O histórico Marco de Touros seria outra importante evidência da reinvenção histórica de Lenine. O potiguar é diferente do outro fincado na Bahia: o local é esculpido com símbolos e brasões semelhantes ao marco chantado no município de Cananea, em São Paulo, que seria o segundo marco português erigido no Brasil. 

Um dos argumentos mais evidentes do “descobrimento” potiguar, segundo a pesquisa de Lenine, estaria no mapa português, que afirma terem os lusitanos navegado duas mil léguas ao sul do país para fincar o segundo marco: essa distância corresponderia exatamente ao percurso do Rio Grande do Norte até São Paulo. Segundo Lenine, caso partisse da Bahia, o segundo marco teria sido colocado já em território argentino. 

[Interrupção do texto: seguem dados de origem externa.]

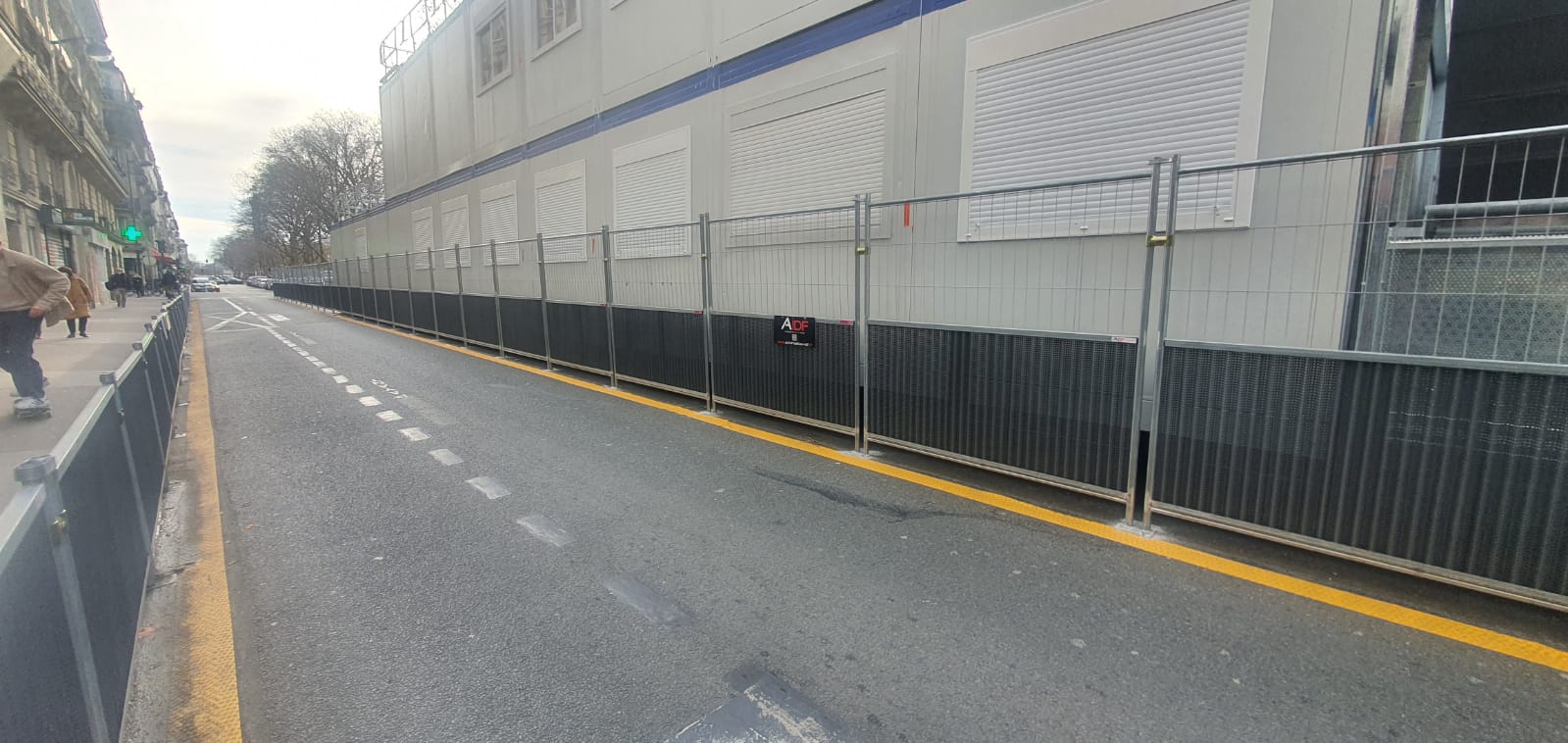Clôture conforme aux agréments délivrés par la Ville de Paris, permettant de délimiter et sécuriser vos emprises, tout en laissant une visibilité à votre chantier afin de travailler en toute sécurité.

Lenine era filho do também escritor Lauro Pinto, outro autor que também apreciava escrever sobre a história de Natal. Para além da questão do descobrimento, Lenine se mostrou ao longo dos anos um importante autor sobre a Natal da 2ª Guerra Mundial, muito por ser ele mesmo testemunha daquela época.  Seus livros sobre o tema são “Natal, RN” (1975) e “Os americanos em Natal” (1976). “Natal, RN”, por sinal, foi relançado em 2018 depois de anos esgotada. 

Serviço:
“A Reinvenção do Descobrimento”, de Lenine Pinto. Lançamento sábado, das 9 às 12h, no Sebo Vermelho, Cidade Alta. Preço: R$70.